“I never can tell you.”
“Speak—speak; you can not surely wish to screen a malefactor from justice?”
“No; but if the said malefactor should be—”
“If he were my own son, I should insist upon your telling me.”
“Well, then, it appeared to me that the robber was your brother-in-law, mirabeau! But I might be mistaken; and, as I said before, fear—”
“Impossible: no, it can not be. Mirabeau a footpad! No, no. You are mistaken, my good friend.”
“Certainly—certainly.”
“Let us not speak any more of this,” said Count du Saillant. “We will return to the drawing-room, and I hope you will be as gay as usual; if not, I shall set you down as a mad-man. I will so manage that our absence shall not be thought any thing of.” And the gentlemen re-entered the drawing room, one a short time before the other.
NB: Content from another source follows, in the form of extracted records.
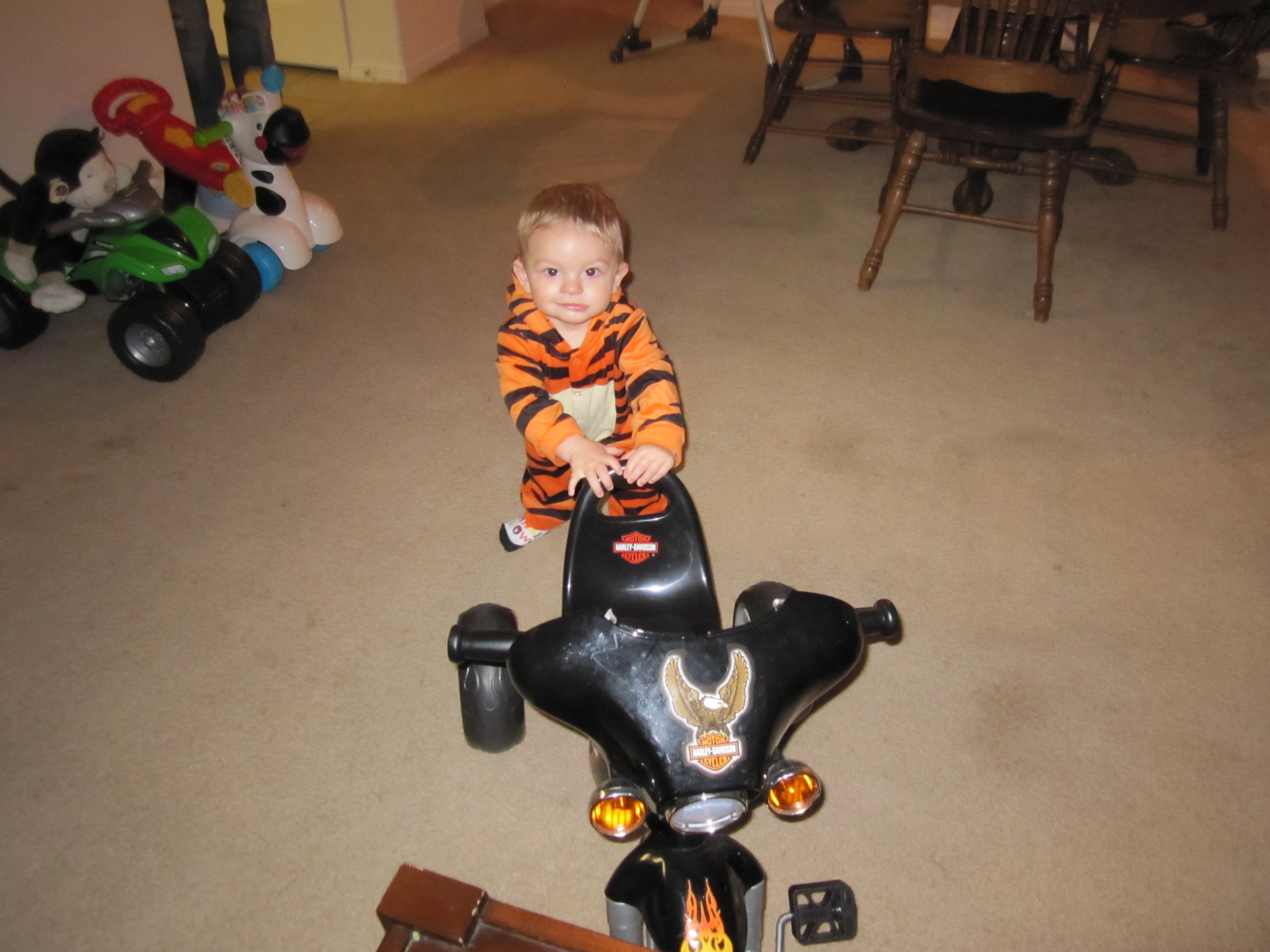 Talon just hanging out on his Harley. I think he needs a new one he is just getting to big and think he needs one with more speed!!! I can see a small 50 cc or 80 cc in his future.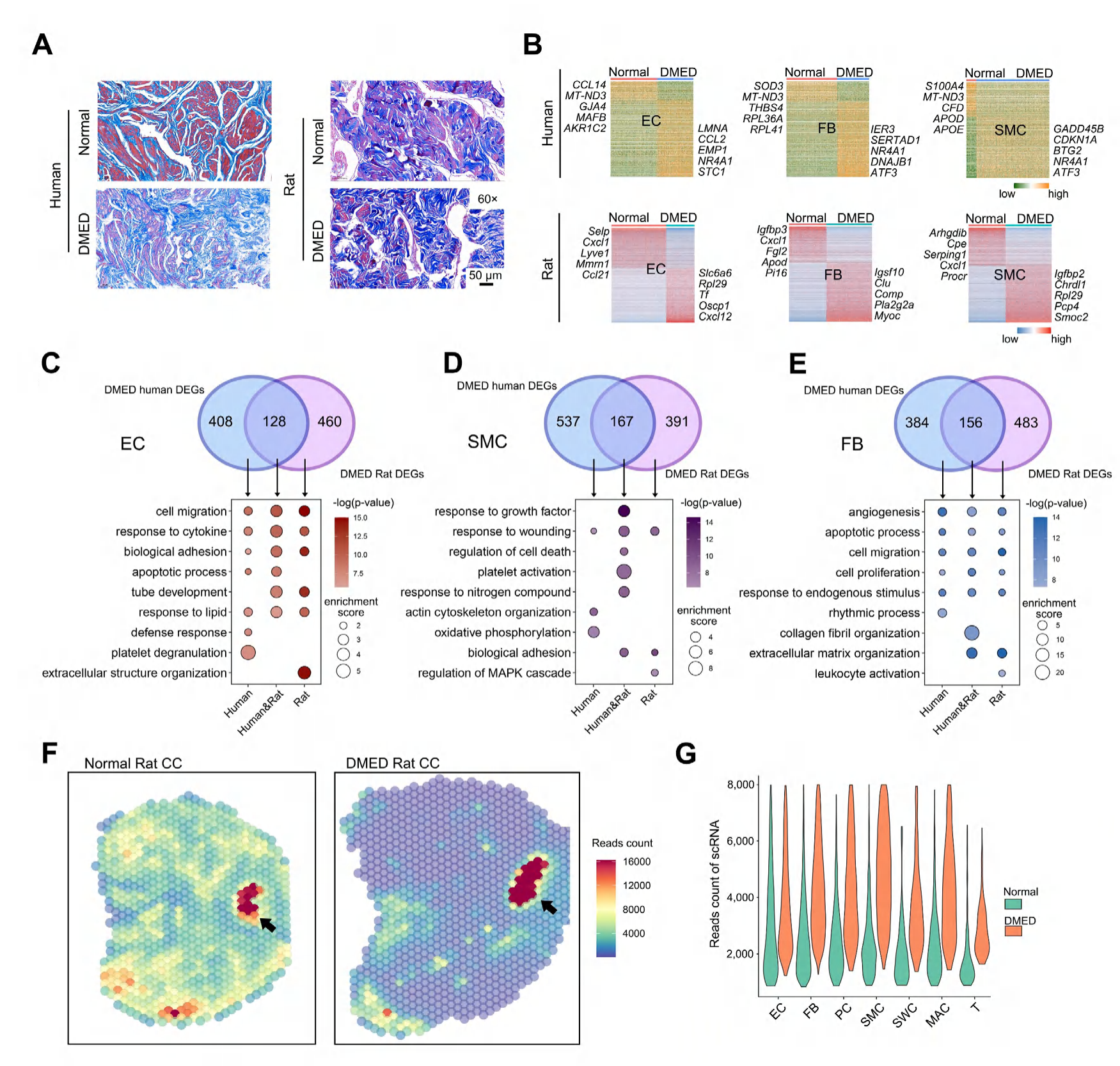為了更好的認(rèn)識(shí)DMED病理?xiàng)l件下,人類和大鼠CC微環(huán)境發(fā)生的變化是否與每種CC細(xì)胞類型中發(fā)生的分子水平變化相一致,研究者通過(guò)分析scRNA-seq數(shù)據(jù),發(fā)現(xiàn)DMED大鼠模型和DMED患者都經(jīng)歷了顯著的纖維化以及細(xì)胞組分丟失,但兩者間的轉(zhuǎn)錄組差異顯著。富集分析結(jié)果顯示,僅DMED大鼠模型富集了“extracellular structure organization”;“actin cytoskeleton or organization”和“oxidative phosphorylation”僅在人類DMED患者SMC中發(fā)現(xiàn),“regulation of MARK cascade”僅在DMED大鼠模型SMC中富集;“rhythmic process”僅在人類DMED患者FB中富集,“l(fā)eukocyte activation”僅在DMED大鼠模型FB中富集。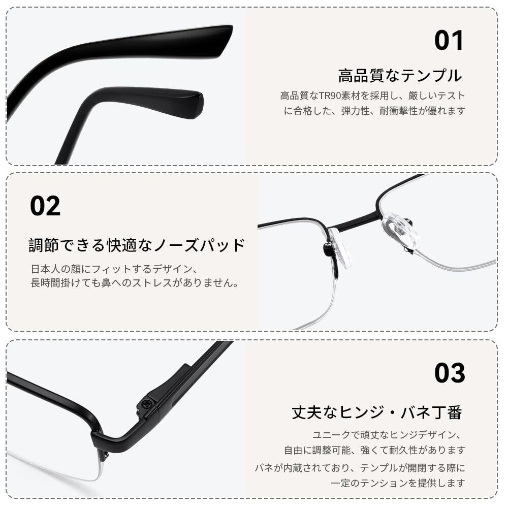 優れた素材:フレームには軽量で耐久性の高い金属素材を使用しており、高級感のある質感とスマートな外観を兼ね備えています。さらに、肌にやさしい調整可能なシリコン製ノーズパッドを採用し、鼻にしっかりフィットしてズレにくく快適です。スプリングヒンジを搭載しており、こめかみへの圧迫を軽減し、柔軟性のある掛け心地を実現。長時間の使用でもストレスを感じにくい設計です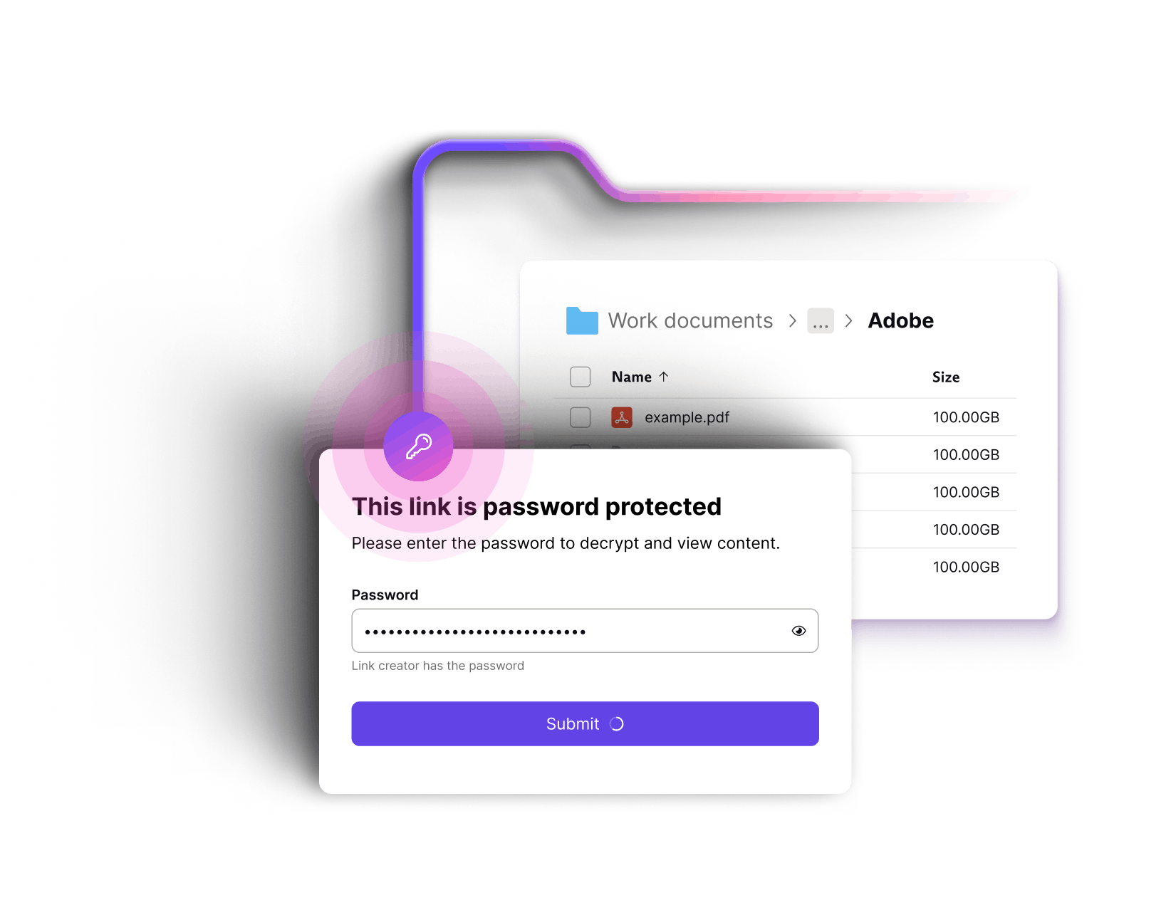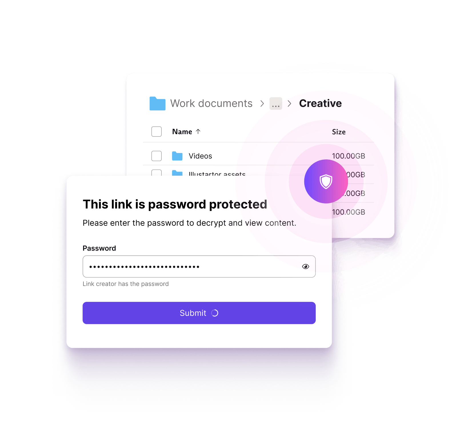 Wenn du mehrere Dateien auf einmal teilen musst, kannst du einen passwortgeschützten Ende-zu-Ende-verschlüsselten Dateifreigabelink für ganze Ordner erstellen. Wenn du ein Passwort zu einem Ordner hinzufügst, sind alle Dateien in diesem Ordner mit der gleichen zusätzlichen Sicherheitsebene geschützt. Wie bei geteilten Dateien kannst du den Zugriff auf deine geteilten Ordner jederzeit widerrufen.

The visitor succeeded in resuming his accustomed manner; but the count fell into a gloomy reverie, in spite of all his efforts. He could not banish from his mind the extraordinary story he had heard: it haunted him; and at last, worn out with the most painful conjectures, he again took his friend aside, questioned him afresh, and the result was, that a plan was agreed upon for solving the mystery. It was arranged that M. De —— should in the course of the evening mention casually, as it were, that he was engaged on a certain day to meet a party at a friend's house to dinner, and that he purposed coming afterward to take a bed at the château, where he hoped to arrive at about nine in the evening. The announcement was accordingly made in the course of conversation, when all the guests were present—good care being taken that it should be heard by Mirabeau, who at the time was playing a game of chess with the curé.
A week passed away, in the course of which a farmer was stopped and robbed of his purse; and at length the critical night arrived.